▸ WHAT NEEDS TO BE DONE:
With every picture left out, give the data below back exactly.

▸ DATA SECTION:
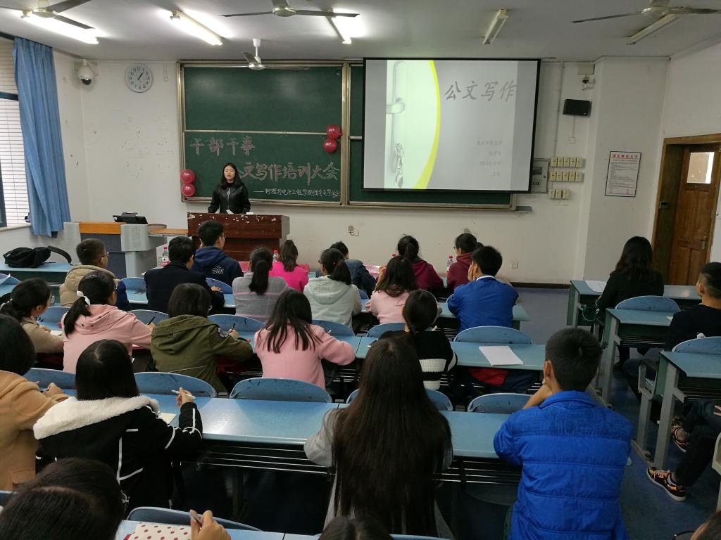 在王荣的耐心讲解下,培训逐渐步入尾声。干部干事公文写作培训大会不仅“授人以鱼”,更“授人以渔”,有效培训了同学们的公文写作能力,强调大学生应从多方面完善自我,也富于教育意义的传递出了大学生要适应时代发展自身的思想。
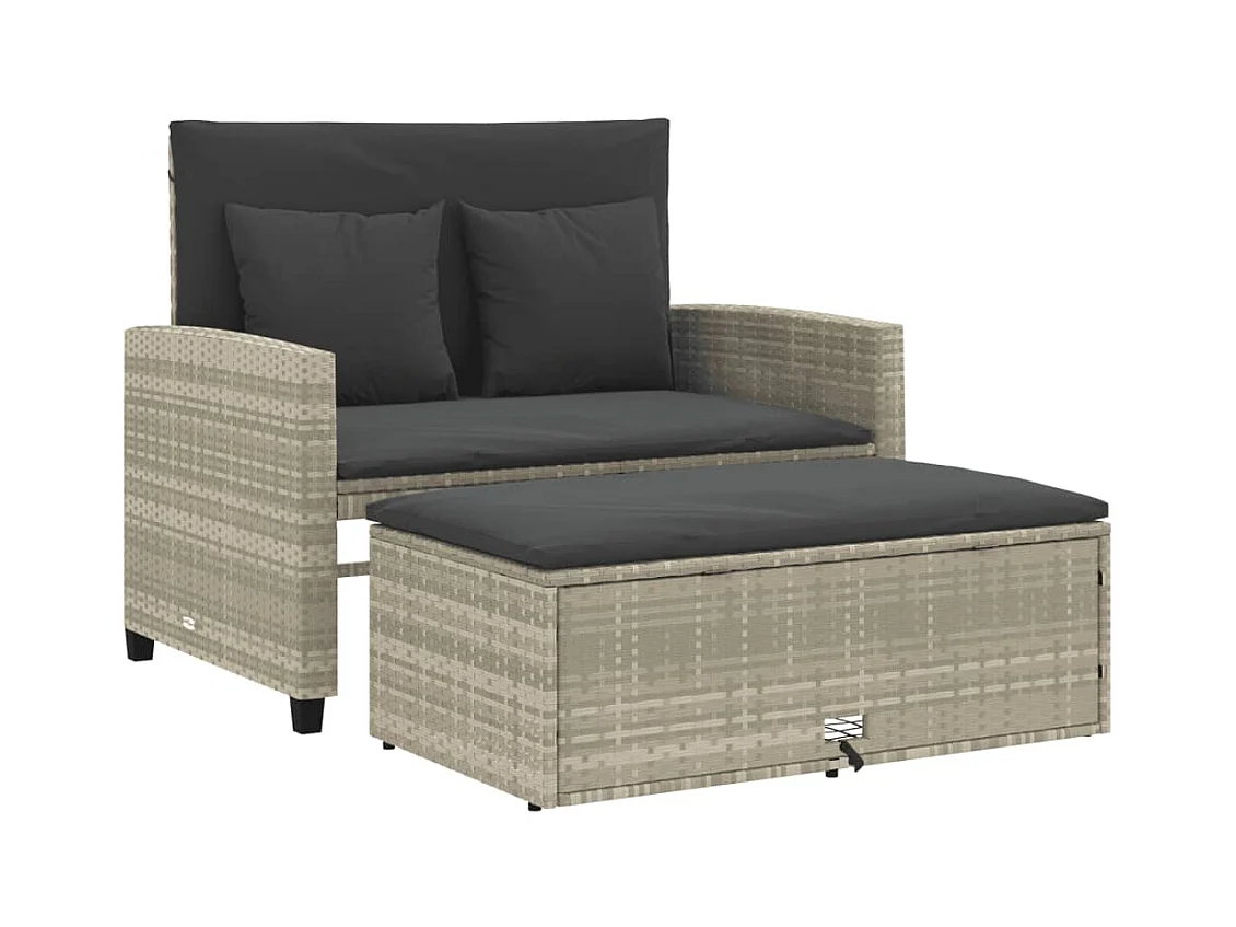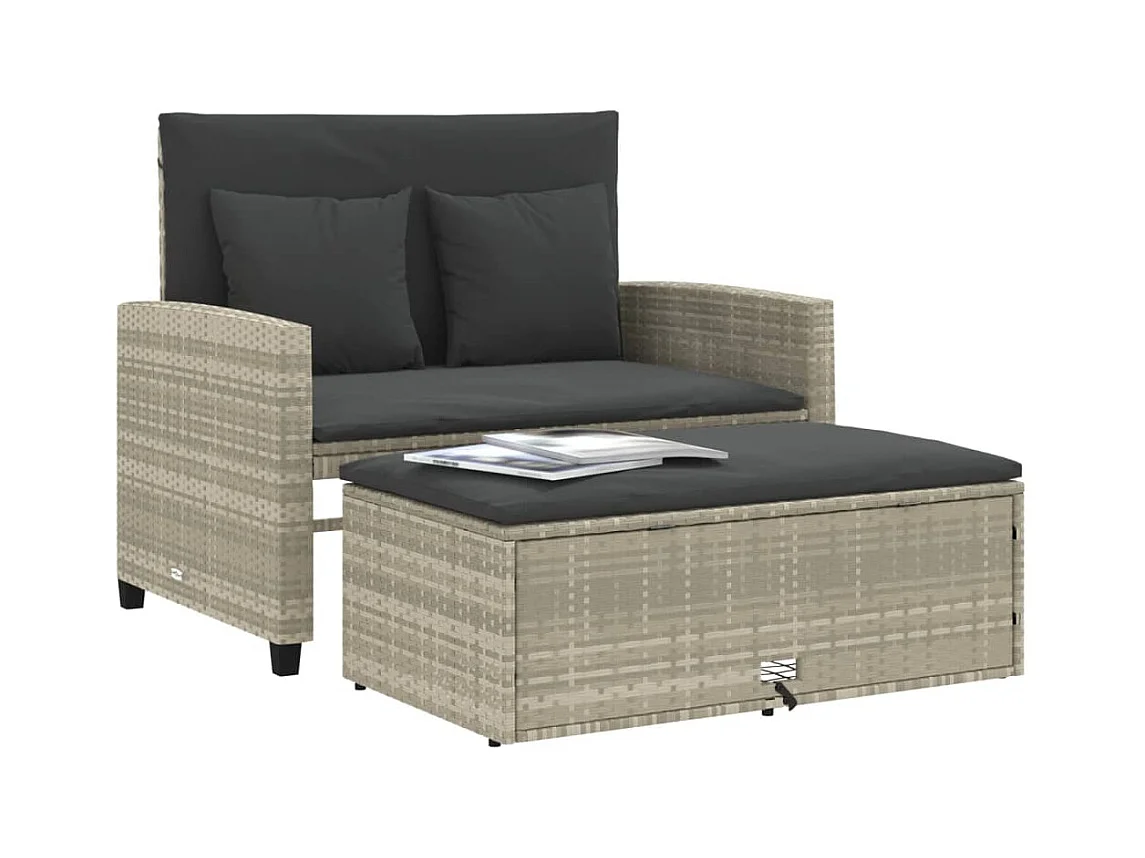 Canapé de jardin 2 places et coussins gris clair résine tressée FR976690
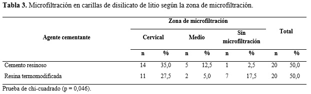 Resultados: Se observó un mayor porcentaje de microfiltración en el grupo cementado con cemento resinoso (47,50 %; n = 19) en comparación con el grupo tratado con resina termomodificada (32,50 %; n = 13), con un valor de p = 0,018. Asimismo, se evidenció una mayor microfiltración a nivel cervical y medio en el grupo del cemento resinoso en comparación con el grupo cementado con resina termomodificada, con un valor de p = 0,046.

▸ OUTPUT OF THE EXERCISE:
 在王荣的耐心讲解下,培训逐渐步入尾声。干部干事公文写作培训大会不仅“授人以鱼”,更“授人以渔”,有效培训了同学们的公文写作能力,强调大学生应从多方面完善自我,也富于教育意义的传递出了大学生要适应时代发展自身的思想。
 Canapé de jardin 2 places et coussins gris clair résine tressée FR976690
 Resultados: Se observó un mayor porcentaje de microfiltración en el grupo cementado con cemento resinoso (47,50 %; n = 19) en comparación con el grupo tratado con resina termomodificada (32,50 %; n = 13), con un valor de p = 0,018. Asimismo, se evidenció una mayor microfiltración a nivel cervical y medio en el grupo del cemento resinoso en comparación con el grupo cementado con resina termomodificada, con un valor de p = 0,046.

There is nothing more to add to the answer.